Негромко шумел кондиционер, два солнца пытались втиснуть щупальца-лучи в щели между шторами.
— Вольно, — сказал комроты в ответ на мое приветствие. — Присаживайся, боец Серов.
Я настороженно опустился на краешек стула.
Рядовому не положено вот так общаться с офицером через две головы, разве что в исключительных случаях, при вручении очень большой награды, как пример… но награждать меня не за что, да и занимаются подобными вещами в другой обстановке, торжественно, перед строем.

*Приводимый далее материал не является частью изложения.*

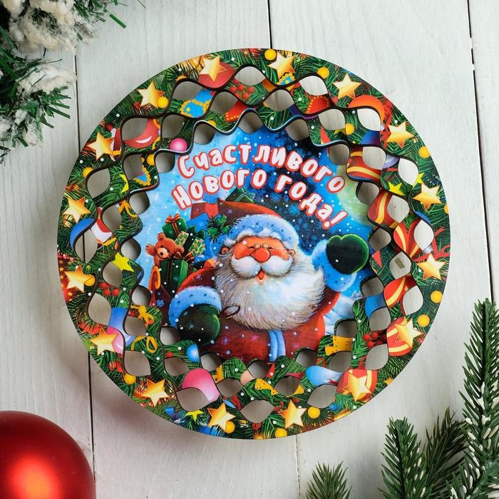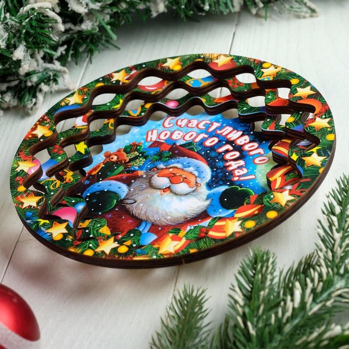 Тарелка сувенирная деревянная "Новогодний. Дед Мороз спешит на санях", цветной

Значит что? Какая-то подлянка.
— Ты знаешь, откуда я родом? — спросил Нгуен, и его мощный голос породил в углах мягкое шепчущее эхо.
— Никак нет.
— Из Вьетнама. Мы всегда были союзниками, и когда вместе сражались против Штатов. И сейчас тоже, — мне показалось, или при слове «Штаты» в его глазах мелькнул огонек ненависти: ну и ничего удивительного, сколько там народу добрые американцы уничтожили. — Поэтому мы должны помогать друг другу, поддерживать. Согласен, боец Серов?
— Так точно.
Комроты уловил мою настороженность, поэтому замолчал, откинулся на спинку стула и несколько мгновений изучал меня.
— Ты умный человек, вовсе не тупой вояка, — начал он снова. — Отличаешься от других. Это хорошо. Такие люди нужны в нашей ЧВК.
Сначала вспомнил о давних связях его и моей родины, затем сдержанно и искренне похвалил меня. Короче говоря, сделал все, чтобы я размяк, оттаял, развесил уши, приготовил их для развешивания лапши.
Нгуену что-то от меня нужно.
— Мне не хватает сведений, — продолжил он. — То есть снизу, из подразделений. Обстановка такая, что предстоит действовать повзводно, а доверять Шредингеру я не могу. Он из второго штурмового корпуса, там все заслуженные и крутые, мы для него — никто. Отдельный охранный батальон — пшик, что поделать? Так что он изложил конечно в рапорте, что происходило вчера, но я не готов поверить, что сообщил все, да и на полигоне ваш комвзвода первый день, он просто не знает, куда смотреть, что тут реально, а что нет.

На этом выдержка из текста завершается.